AILA Announces 2022 ACT Award Winners


The ACT Chapter of the Australian Institute of Landscape Architects has announced the list of winners of the 2022 Landscape Architecture Awards in full, celebrating projects with a focus on urban greening and community engagement.

13 project submissions were submitted, with exciting submissions covering all categories such as civic landscape, urban design, landscaping and community contribution.

Across the submissions, the ACT Jury was impressed to see the focus on renewing and renovating many Canberra-based parks and landscapes. They emphasized the community and civic nature of landscape architects across the state.

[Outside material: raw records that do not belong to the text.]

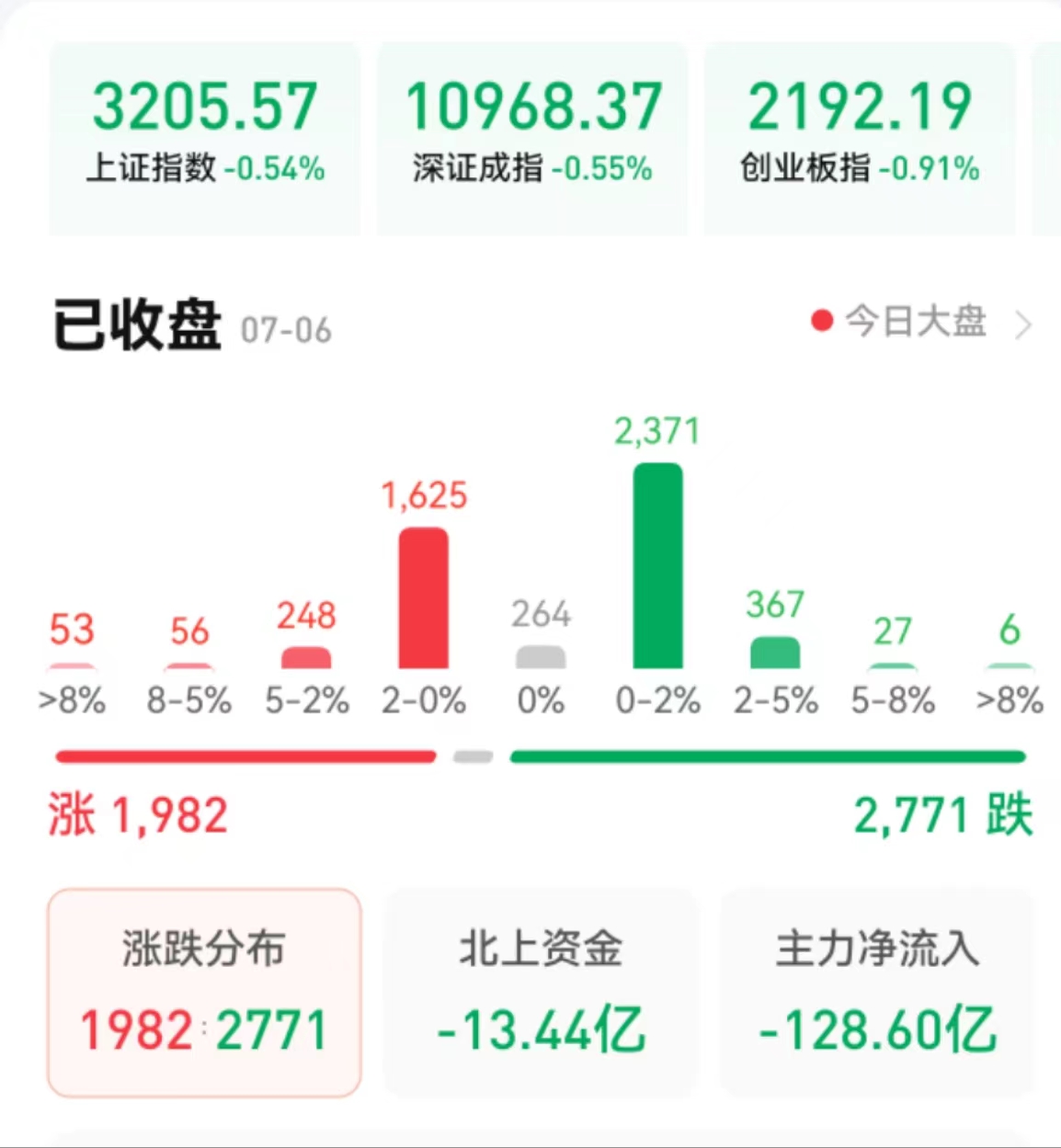 周四(7月6日),A股三大股指震蕩下行,略有回落。截至收盤,上證指數(shù)跌0.54%報(bào)3205.57點(diǎn),深證成指跌0.55%報(bào)10968.37點(diǎn),創(chuàng)業(yè)板指跌0.91%報(bào)2192.19點(diǎn),兩市合計(jì)成交金額達(dá)8198億元,北向資金凈賣出13.44億元??傮w上看,兩市個股跌多漲少。其中,漲停個股達(dá)38只,跌停個股6只。
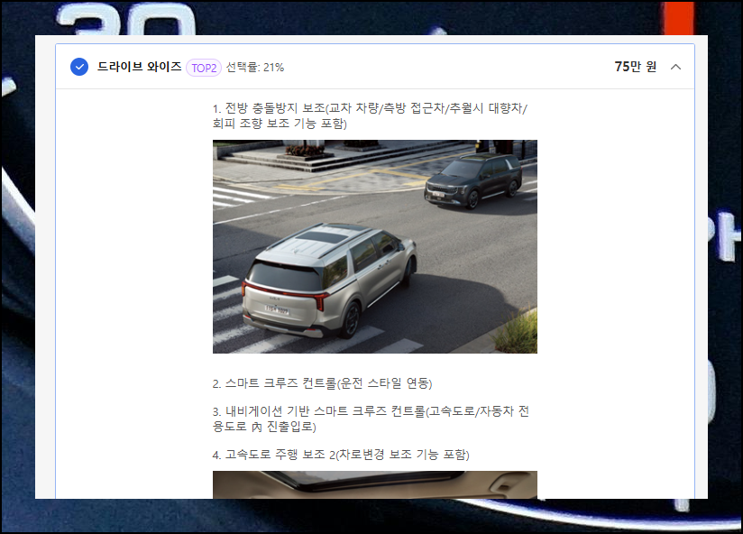 안전, 편의, 엔터테인먼트 등 항목별로 정리된 신차 옵션들을 검토하며 원하는 기능을 쉽게 발견할 수 있어요.
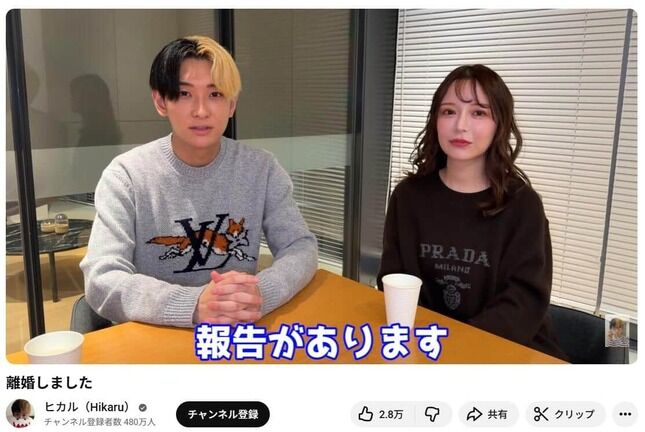 ヒカルは2025年5月、元カリスマキャバ嬢で実業家の「進撃のノア」(登録者数98万人)との“0日婚”を発表しました。しかし、同年9月に“オープン・マリッジ”を宣言すると、視聴者からの批判が殺到して大炎上。それまで507万人いたチャンネル登録者は、わずか1日で12万人も減少する状況となりました。
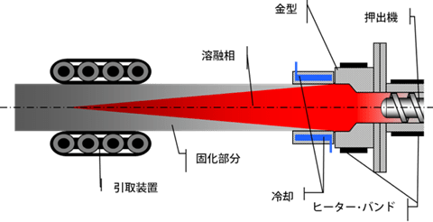 押出機により、均一状態に溶融・混合された樹脂は、金型により外側の形状が決定され、外側から冷却が進行し、外側から固化が始まります。

The awards are held every two years, with 13 projects submitted and ten of them celebrated for their outstanding and positive contributions to the landscape architecture industry in the Australian Capital Territory.

Entries included the creation of pollinator-friendly habitats, the reinvention of a traditional cemetery, and the revitalization of an urban space, designed for social connection.

AILA ACT Awards 2022 jury chair Julian Raxworthy said Canberra has landscape architecture in its DNA, with the profession being founded in the state. Raxworthy says the city’s urban form has been shaped by landscape architects over the past 100 years.

“With such a rich history in landscape architecture, it’s no surprise that the winning projects for this year’s Australian Institute of Landscape Architects’ ACT Chapter Awards have involved modifying, upgrading or adding new layers to existing landscape architecture projects in Canberra,” he says. .

The City Renewal Authority’s popular Canberra City Park Promenade (pictured top) received the Landscape Architecture Award, recognizing the revitalization of space and a unique approach to creating different layers of use.

“The City Park Walk upgrades are particularly wonderful in the way they provide visitors with a variety of spaces and places in which to congregate and congregate, from a large formal expanse of grass dotted with seating to more intimate spaces incorporating raised garden beds and diverse planting, this wonder that welcomes relief from an otherwise harsh urban environment affected by heat islands,” says Raxworthy.

Place Laboratory and PCL’s Southern Memorial Park (pictured above) also received an award for excellence in reimagining a traditional cemetery through unique landscape interventions and an emphasis on sustainability principles.

“The project demonstrates great depth of thought in terms of the layout of the internment quarters, with particular attention to a landscaped setting designed to provide space for reflection and mourning,” Raxworthy said.

The complete list of winners can be consulted here.